# Batten down the hatches!!



## Emily's mom (Nov 3, 2007)

My same old worry, do I put my kids in the barn, or leave them out....

They seem to follow the horse who has a storm watch spot that he will stand in, in all kinds of weather.

We haven't had a tropical storm since we've had animals, they are saying gusts up to 140km.

The horse goes crazy if the kids are out of his sight...I know my husband will make me keep them out






, or I will sit in the barn with the door open so he can see them from his outdoor stall .. OH!


----------



## FlatCreekFarm (Nov 3, 2007)

Well, Cheryl, will be thinking good thoughts for you, your family, and animal family up there





Keep us posted!!


----------



## crackerjackjack (Nov 3, 2007)

I don't have an answer for you. I will say a pray for all of you.


----------



## Emily's mom (Nov 4, 2007)

All is well, my critters survived their first tropical storm!!

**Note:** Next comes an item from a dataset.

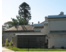
SHRUBLANDS SOHE 2008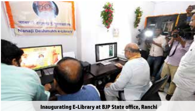
Inaugurating E-Library at BJP State office, Ranchi

I made a nest on the living room floor, and kept the window open if they needed me I would hear them OH! , the wind really picked up about 1:30am, I tossed and turned until 3:00 when #2 son got up to go to bathroom.

We had decided to leave the animals in the pasture, so I made son ( Ethan ) go out to check on the animals with me.....well bless their little hearts, they were all standing in Cherokee's stall, reasonably dry, but a little spooked. We gave them some hay and went back in the house. I didn't get any sleep because of the wind and checked on them again at 7 and they were still in, they could have stepped out but didn't, I was so impressed.

There was some twigs on the fence wire, and my favorite apple tree, that was also my view blocker from my bedroom/sunroom, from the driveway, was blown down, I was veryvery sad






, now i'll have to close my blind OH!

But thank God it could have been much worse!!


----------



## FlatCreekFarm (Nov 4, 2007)

Glad everyone is okay!



Sorry you lost your apple tree though



We don't have tropical storms here in Missouri (obviously) but! We do have tornadoes. There is sometimes no warning with those, and a scary example of that is two weeks ago 2 people we knew in the area were killed (they were in a mobile home). Seems like tornadoes are getting closer and closer to our farm every time. I'm ready to dig a basement, or at least a cellar, and when that happens we'll all go "below" - critters included





It is so sweet that your animals all protected each other, and used their good instincts during the storm... bless them


----------



## Emily's mom (Nov 4, 2007)

Tammy,



I think I would rather a tropical storm over a tornado, they sound really scarey, 



I would have to dig a really big basement I would want all the critters and chickens included, in my basement.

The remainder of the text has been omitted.